(WHAT IS EXPECTED): Since the records include pictures, leave those out while you reproduce exactly and only the lines from the one containing "Designed with sophistication" through the one containing "As a global, non-profit", inclusive.
=== DATA TO EXAMINE ===
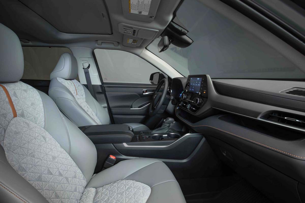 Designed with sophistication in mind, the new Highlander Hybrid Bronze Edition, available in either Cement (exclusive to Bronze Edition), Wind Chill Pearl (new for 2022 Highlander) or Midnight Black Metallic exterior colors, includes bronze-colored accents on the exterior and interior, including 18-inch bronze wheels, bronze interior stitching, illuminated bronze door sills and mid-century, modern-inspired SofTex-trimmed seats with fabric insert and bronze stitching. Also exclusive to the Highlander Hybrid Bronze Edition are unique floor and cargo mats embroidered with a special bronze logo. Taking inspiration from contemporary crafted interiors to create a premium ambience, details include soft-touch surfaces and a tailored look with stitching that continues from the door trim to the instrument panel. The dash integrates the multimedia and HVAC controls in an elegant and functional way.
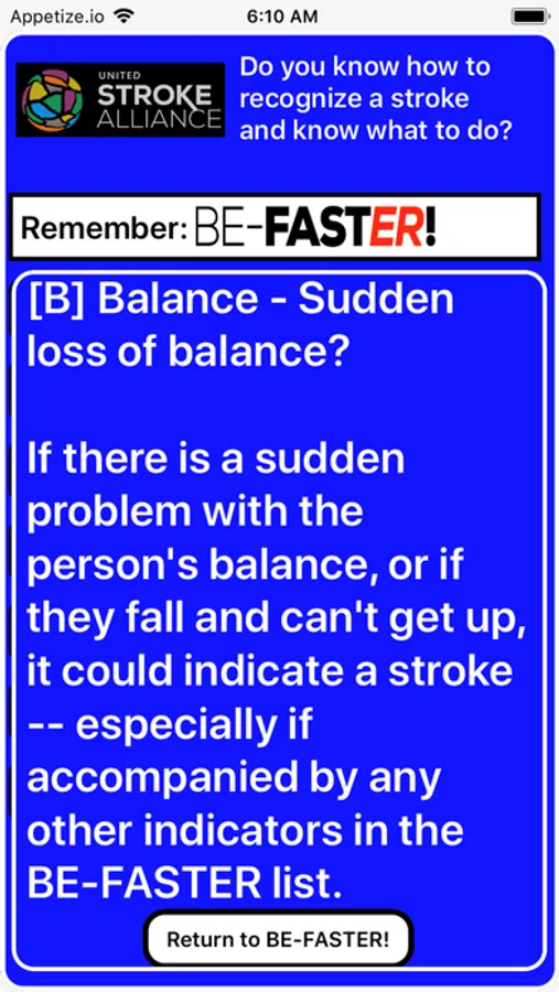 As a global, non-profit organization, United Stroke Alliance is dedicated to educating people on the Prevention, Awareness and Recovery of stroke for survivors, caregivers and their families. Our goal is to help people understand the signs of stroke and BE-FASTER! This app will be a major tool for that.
===
=== DATA TO EXAMINE ===
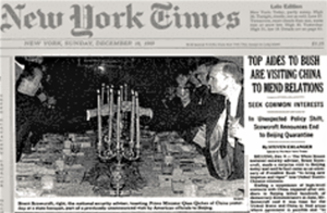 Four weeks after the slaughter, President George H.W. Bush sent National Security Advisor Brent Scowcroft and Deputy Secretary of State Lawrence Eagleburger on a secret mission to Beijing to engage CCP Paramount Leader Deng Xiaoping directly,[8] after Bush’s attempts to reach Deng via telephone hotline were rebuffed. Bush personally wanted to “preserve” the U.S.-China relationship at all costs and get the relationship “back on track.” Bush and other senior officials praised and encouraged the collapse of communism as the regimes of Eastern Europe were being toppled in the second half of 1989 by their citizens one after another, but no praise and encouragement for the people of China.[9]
===
(PROBLEM SOLUTION):
 Designed with sophistication in mind, the new Highlander Hybrid Bronze Edition, available in either Cement (exclusive to Bronze Edition), Wind Chill Pearl (new for 2022 Highlander) or Midnight Black Metallic exterior colors, includes bronze-colored accents on the exterior and interior, including 18-inch bronze wheels, bronze interior stitching, illuminated bronze door sills and mid-century, modern-inspired SofTex-trimmed seats with fabric insert and bronze stitching. Also exclusive to the Highlander Hybrid Bronze Edition are unique floor and cargo mats embroidered with a special bronze logo. Taking inspiration from contemporary crafted interiors to create a premium ambience, details include soft-touch surfaces and a tailored look with stitching that continues from the door trim to the instrument panel. The dash integrates the multimedia and HVAC controls in an elegant and functional way.
 As a global, non-profit organization, United Stroke Alliance is dedicated to educating people on the Prevention, Awareness and Recovery of stroke for survivors, caregivers and their families. Our goal is to help people understand the signs of stroke and BE-FASTER! This app will be a major tool for that.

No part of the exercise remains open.